Jaipur, Rajasthan. India. November 2024
I came to Rajasthan in a bit of a hurry from Daramshala, taking an overnight bus to Delhi and then another six hour bus to the city of Jaipur. I did this because the Diwali festival was starting on the night of my arrival, and Jaipur was said to be a top location to witness the festivities. Known as the Festival of Light, Diwali takes place over five days and is marked by decorative lights and extensive fireworks.
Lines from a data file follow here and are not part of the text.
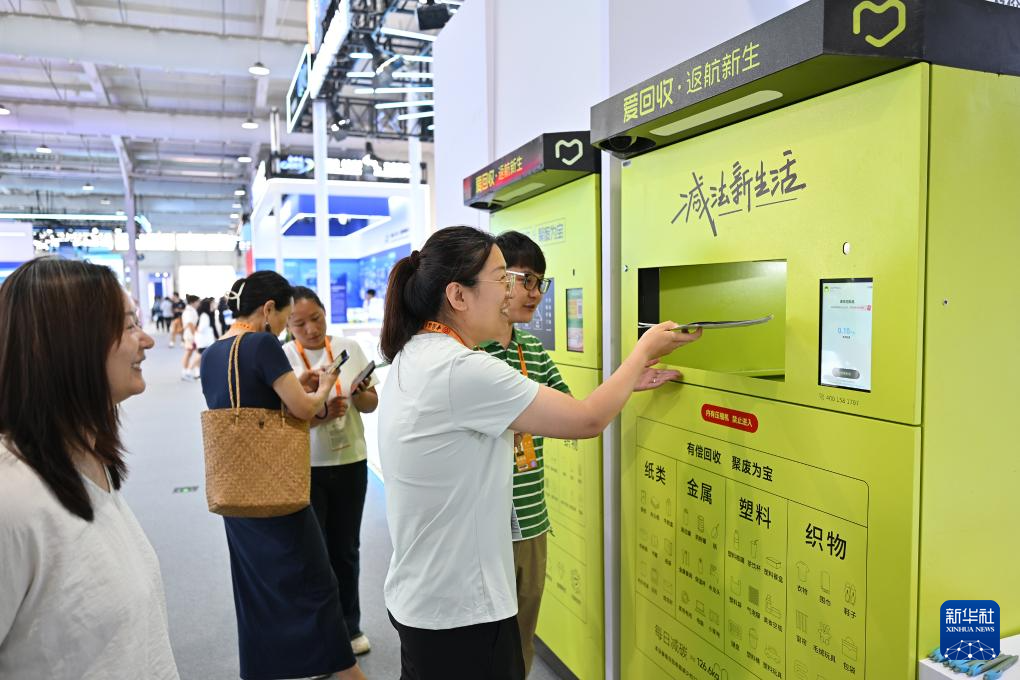 9月12日,参观者在服贸会爱回收展台体验智能回收机。
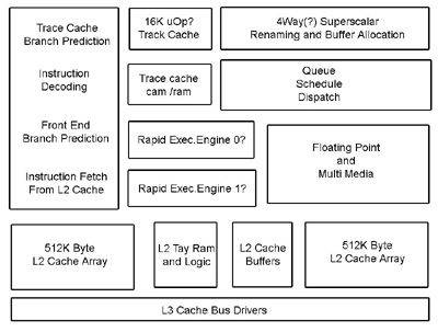 由于目前Prescott还没正式发布,不少细节还有待证实,但从手头的资料我们不难窥视到Prescott的大致形态。在今年春季IDF上,Intel公布了Prescott的核心示意图,根据这个资料,我们可以得到Prescott的某些细节信息,通过与Northwood的核心图相比,我们不难看出Prescott改变部分相当的多。
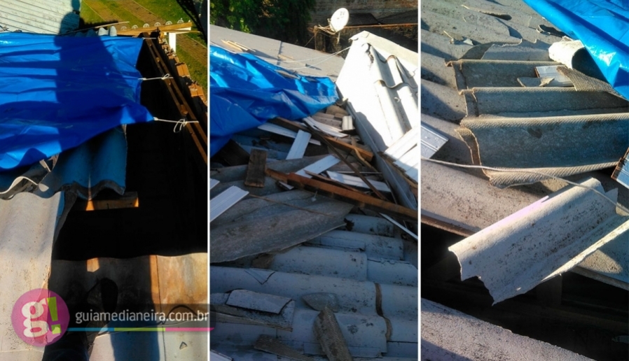 Em algumas das casas, grande parte do telhado foi arrancado com a força dos ventos.
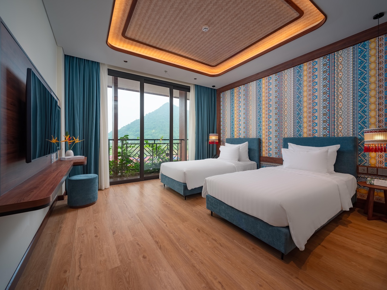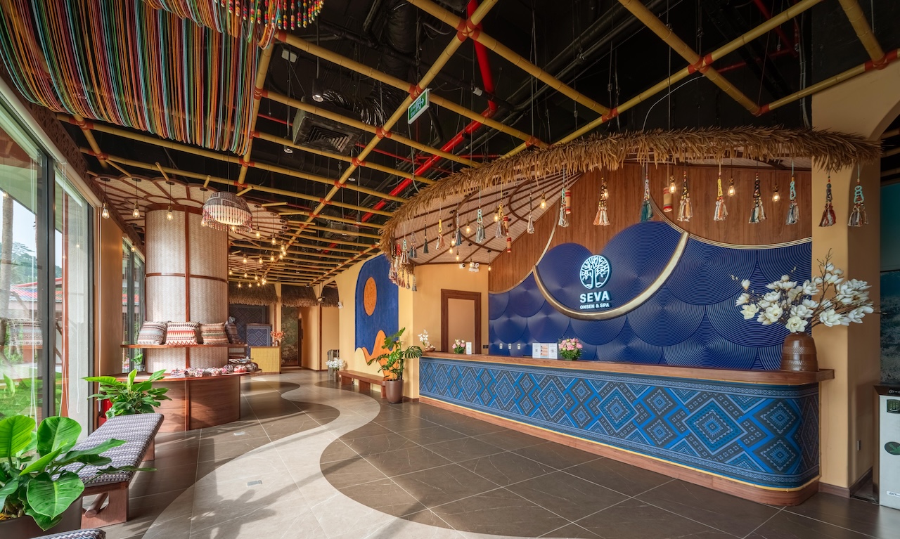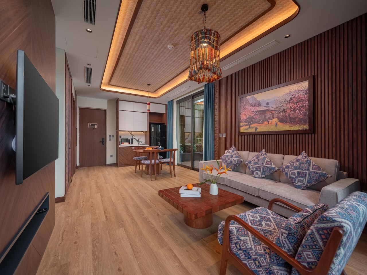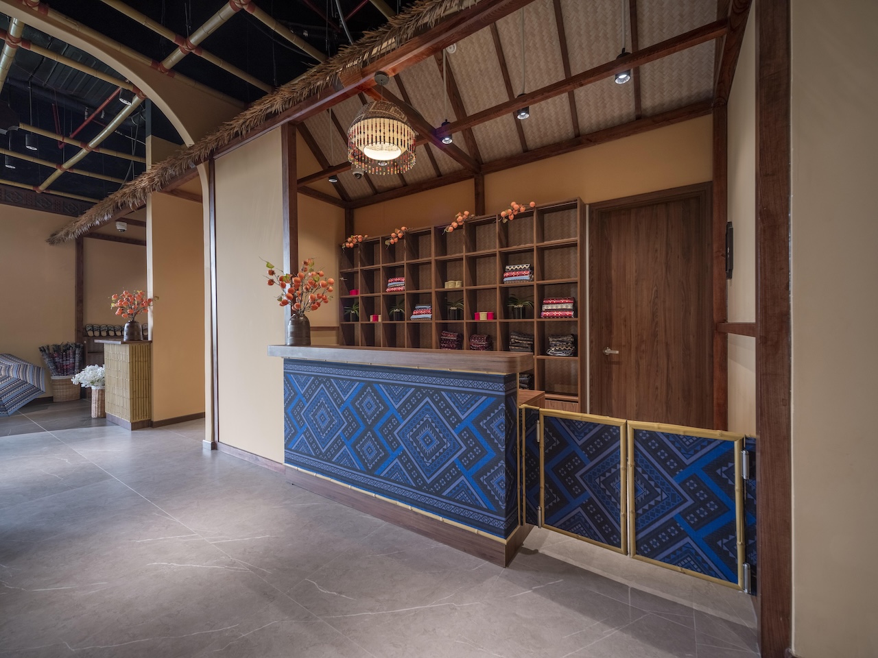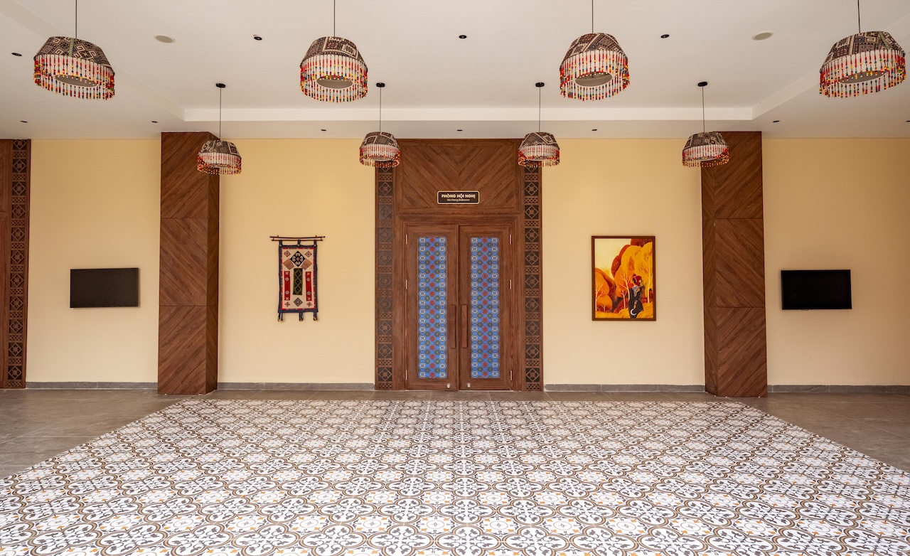 Không gian sảnh đón tiếp: Không gian được thiết kế kết hợp với các chất liệu bản địa nhằm tôn vinh vẻ đẹp của vùng miền. Sự kết hợp giữa Tre (Bamboo), Thổ cẩm và Phong cảnh thiên nhiên tạo nên một tổng thể vừa sang trọng, vừa ấm cúng và gần gũi. Hệ trần tre độc đáo: Điểm ấn tượng nhất là hệ lưới tre đan cài tầng bậc. Thiết kế này vừa giúp che đi các hệ thống kỹ thuật, vừa tạo hiệu ứng thị giác mạnh mẽ, gợi nhắc đến những nếp nhà truyền thống của người dân vùng cao.
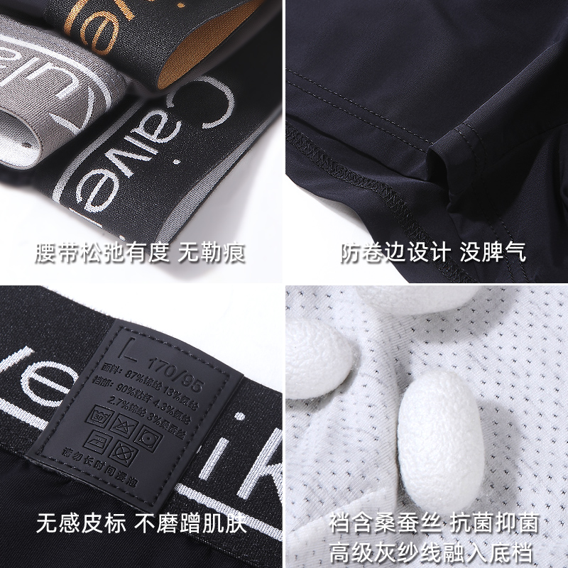 青少年四角短裤 抗菌桑蚕丝裆透气2025新款 头衩夏 男平角裤 冰丝内裤
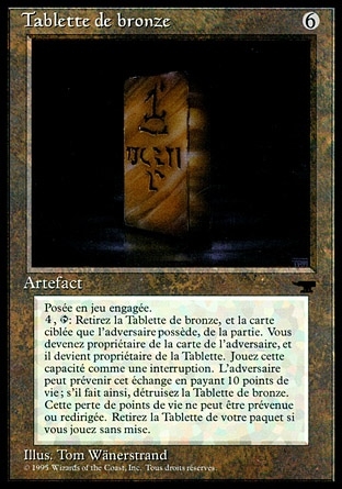 | Rules | Remove Bronze Tablet from your deck before playing if you're not playing for ante. Bronze Tablet enters the battlefield tapped. , : Exile Bronze Tablet and target nontoken permanent an opponent owns. That player may pay 10 life. If they do, put Bronze Tablet into its owner's graveyard. Otherwise, that player owns Bronze Tablet and you own the other exiled card. |

In Jaipur I mistakenly booked a hostel that was a considerable walk outside of the walled “Pink City” area (where most of the historical sites await), but anyhow I still had a nice night with the people I met there.
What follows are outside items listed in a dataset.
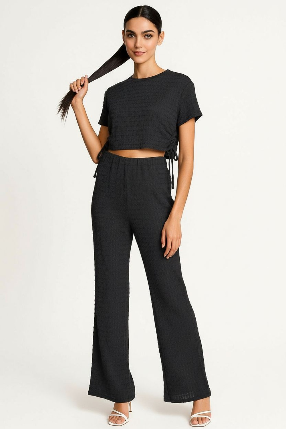 Conjunto compuesto por top corto con tirantes finos y detalles frontales decorativos, estructura que se ajusta de manera uniforme al torso, pantalón de tiro medio con corte ligeramente abierto en la parte baja, confección que equilibra firmeza y comodidad, caída continua que estiliza visualmente la figura
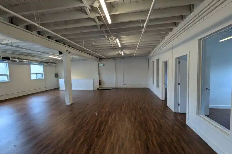 Super second floor open concept office studio with a private entrance. 10 foot ceilings & 7 new windows result in a very bright space with tons of natural light. Great layout with 2 private offices, white walls & stressed oak-like floor. New lighting, 3-piece bathroom with shower, kitchenette, & Hvac With Ac. Excellent Studio Space Ideal For Marketing & Tech Companies. Professional Ownership & Management. Individual Control Of Heating & Cooling. Gas & Hydro Extra. See Floor Plan.
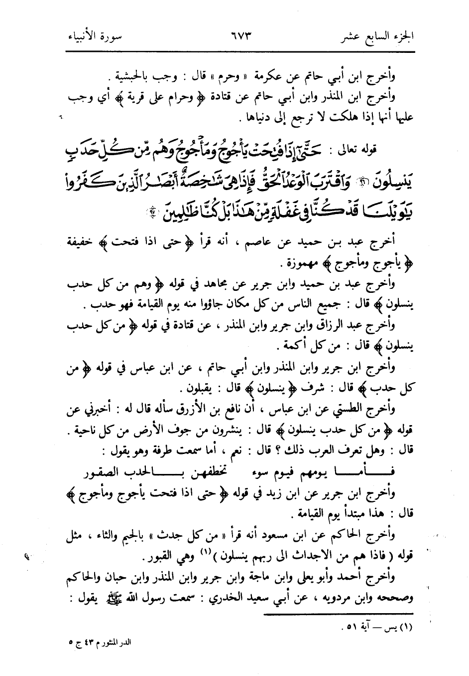 وَأخرج الطستي عَن ابْن عَبَّاس أَن نَافِع بن الْأَزْرَق سَأَلَهُ قَالَ لَهُ: أَخْبرنِي عَن قَوْله: {من كل حدب يَنْسلونَ} قَالَ: ينشرون من جَوف الأَرْض من كل نَاحيَة
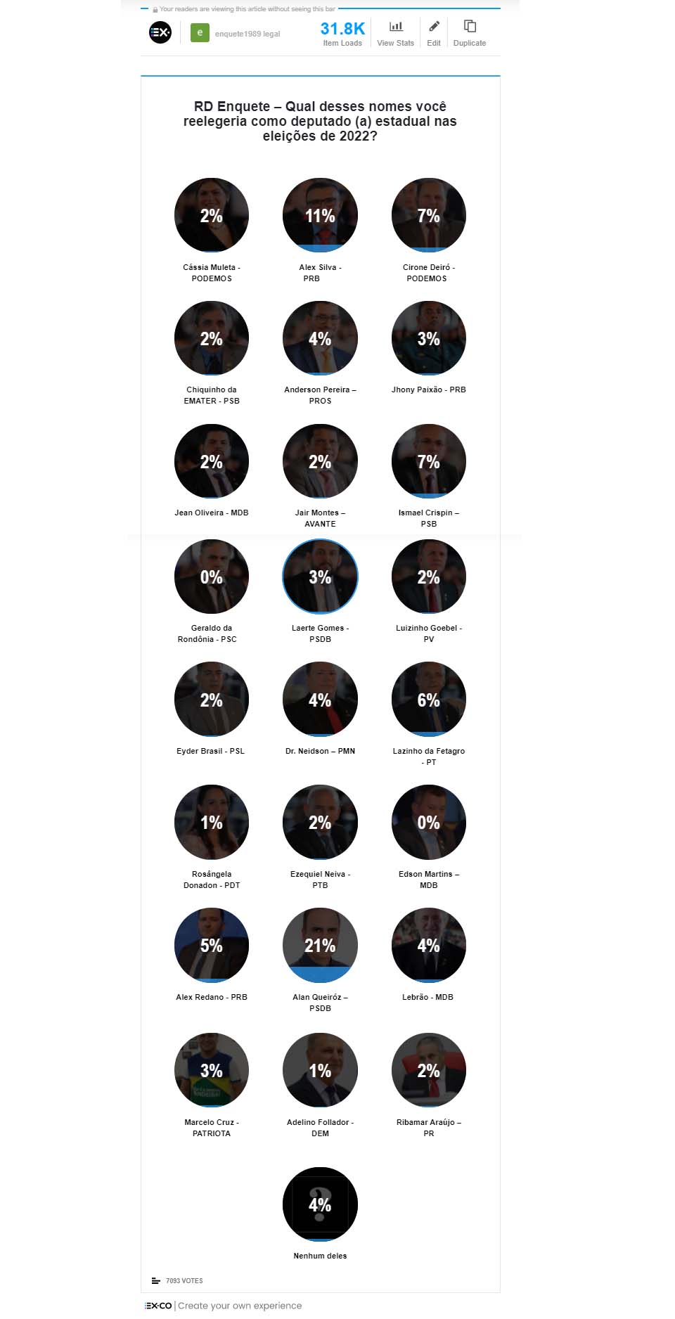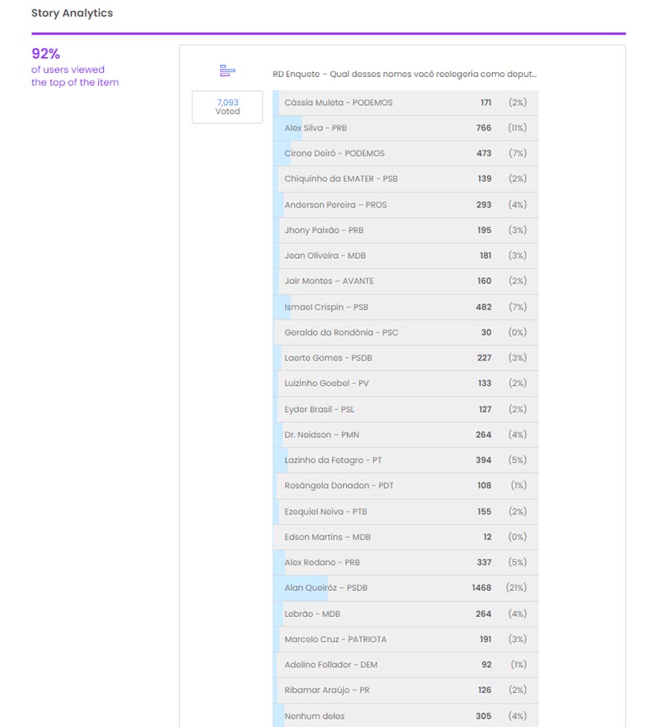 Porto Velho, RO – Na última sexta-feira (13), o jornal eletrônico Rondônia Dinâmica lançou enquete para saber dos seus leitores e leitoras quem dentre os vinte e quatro deputados estaduais teria maiores condições de ser reeleito (a) em 2022.

Jaipur, Rajasthan. India. November 2024
Along with seven European travelers from the hostel I took part in a Diwali ceremony with our hosts. This involved making offerings to the Hindu Gods for good luck and fortune. Imagine us, a bunch of clueless westerners sitting on the floor overtop of a white cloth — the manager of our hostel chanting in a hushed tone, then inviting each of us one by one to offer specs of rice, spice, and water to small dolls representing the Goddess Lakshmi and Lord Ganesha.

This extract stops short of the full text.